Tens of thousands of demonstrators have held a massive protest rally against Moldova's pro-Western leadership amid public anger over its incapability to pay salaries and pensions.
Some 20,000 people attended the massive rally in front of Moldova's Parliament in the capital Chisinau on Sunday.
The angry demonstrators accused the government of corruption and held placards reading “down with the thieves!"
A large number of demonstrators, who erected dozens of tents in the area, said they would stay camped out near the government building.
The government has also deployed a large number of security forces in a bid to guard the country's main institutes and to prevent the rally from turning violent.
The latest protest rally was organized by two pro-Russia parties which are opposed to the government's political and economic policies.

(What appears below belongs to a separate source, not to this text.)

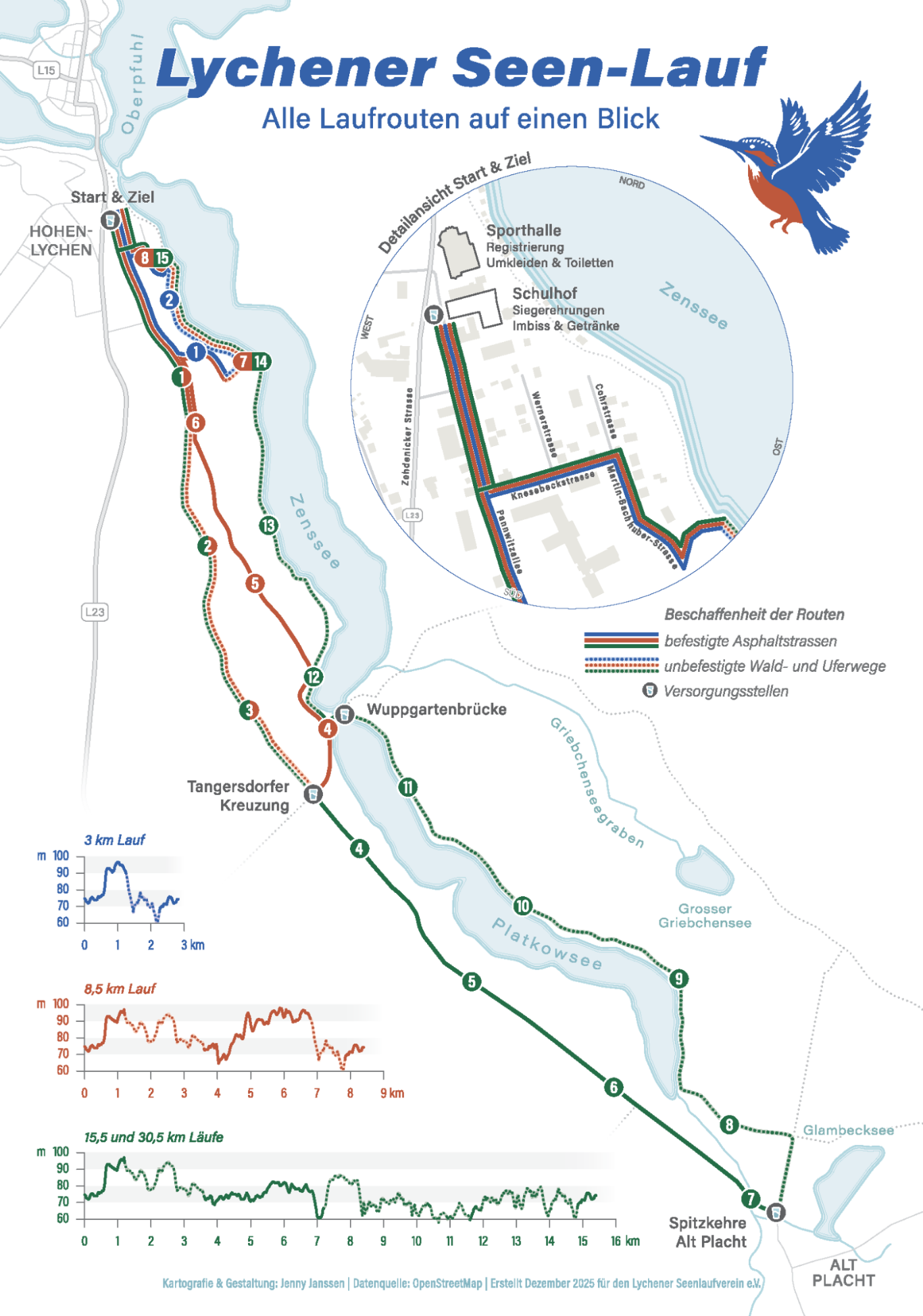 Nach 200 m asphaltiertem Fahrradweg führt die Laufstrecke rechts am Ufer des Zenssees auf einem schmalen Waldpfad entlang. Durch Bäume und Wurzeln, sowie Engstellen, ist hohe Konzentration der Läufer gefordert. An der Badestelle Sängerslust vereinen sich alle Strecken. Durch das ehemalige Heilstättengelände erreichen Sie das Ziel(15,5km), während die Läufer der 30,5km die Strecke bei(15,25km) erneut laufen.

Also on Sept. 6, tens of thousands of Moldovans protested government policies and called for snap elections.
The latest demonstration comes days after the International Monetary Fund (IMF) said it would not negotiate a new loan agreement with the Moldovan leadership.
On Sept. 22, an IMF mission started a two-week visit to Moldova, a day after the country's central bank governor Dorin Dragutanu resigned over a massive corruption scandal involving a billion-dollar missing sum.
A former Soviet state of 3.5 million people, and located between Ukraine and Romania, Moldova is one of Europe’s poorest countries.